A while back I remember promising to someday explain how we are currently subsidizing the big banks but that "you would not believe it if I told you." I've yet to come back to this because the explanation is, quite literally, unbelievable. I did not want to damage our credibility by sounding crazy or conspiratorial to you, our readers. Well, it's an off-day (we typically publish here Monday, Wednesday and Friday) and I've got some backup now, so here I go.

Right now we are loaning big banks, via the Federal Reserve, billions of dollars. This is at very, very low interest rates (practically nothing). The big banks are then loaning the U.S. Treasury billions of dollars at slightly higher interest rates. The big banks pocket the difference, which is - again - literally billions of dollars. There is no risk for the banks - this is just free money.

The reason I'm revisiting this now is that I've run across this video by that explains it perfectly.

Imagine if someone in Congress put together a bill to give the big banks  - Goldman Sachs, Citigroup, JP Morgan, Bank of America, Wells Fargo, etc... - billions of dollars so that they could be "recapitalized", that is, so they would have more money? It wouldn't happen because no voter would tolerate it. And rightly so, especially when these banks blew up the system, are still giving billions in bonuses to those same people that did it, still owe us money from the bailout and have done nothing to reform their practices. Talk about moral hazard!

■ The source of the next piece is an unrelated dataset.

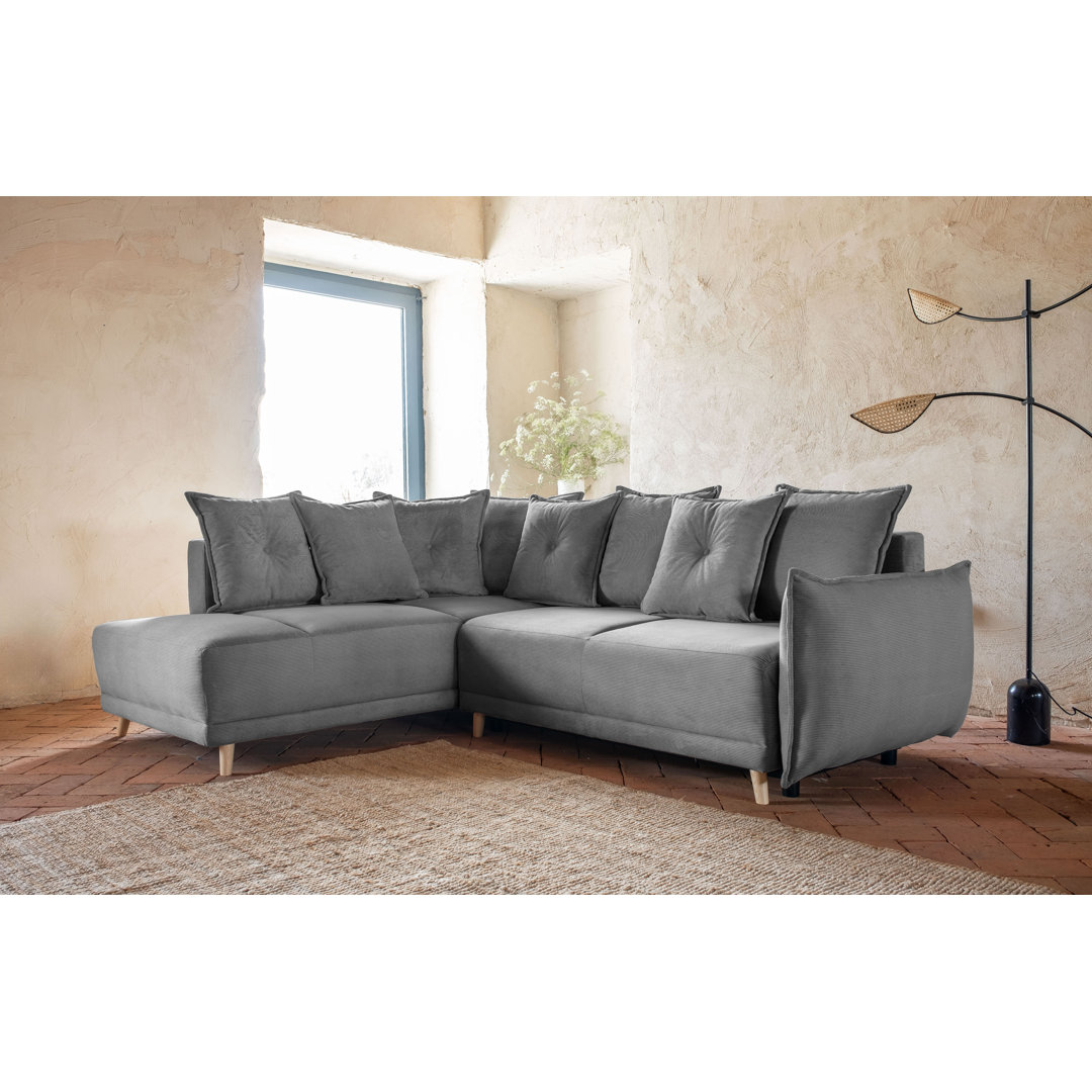 Unverwechselbare Form, gemütlicher Stil und ein entspannendes Sitzerlebnis dank bequemer Rückenkissen. Einzigartige Armlehne mit dem Aussehen und Gefühl eines zusätzlichen Kissens. Bett und Stauraum inklusive. Der strukturierte Stoff vermittelt ein Gefühl von Wärme, während die ausgefallenen Knöpfe und Holzbeine die Aufmerksamkeit auf sich ziehen und subtil auf die skandinavischen Ursprünge hinweisen. MiuForm Ausrichtung: Links ausgerichtet, Polsterfarbe: Grau

Imagine now if someone in Congress put together a bill to finance our national debt by having the Federal Reserve "loan" the Treasury money, essentially making money appear out of thin air and then giving it to the Treasury to pay off our debts, with the Treasury providing a wink-and-nod IOU in return. Would this be tolerated? There is no chance it would be - the reckless risk of runaway inflation would simply be too great. Such a bill would have no chance in Congress.

But with no vote, no Congressional proceeding, no national debate, and with little public knowledge outside of a few places that follow the financial markets, we are doing both of these things. And yes, it is so crazy to even consider that I've actually been nervous about bringing it up here for fear of being branded a "conspiracy nut".

A financially healthy economy does not resort to such actions.

We're not bringing this up to suggest that one political party or another is to blame, that one set of politicians or another should be held accountable or that one set of policy responses or another should be adopted. Our entire point is this:

A local economic strategy that relies on the federal and state governments to create the conditions for growth so that your community can afford to pay its bills, maintain its infrastructure and attract a share of the wealth, is a strategy out of touch with reality. A local financial strategy that relies on grants and loans from the federal and state governments for either attracting growth or maintaining basic services, is likewise a fantasy. 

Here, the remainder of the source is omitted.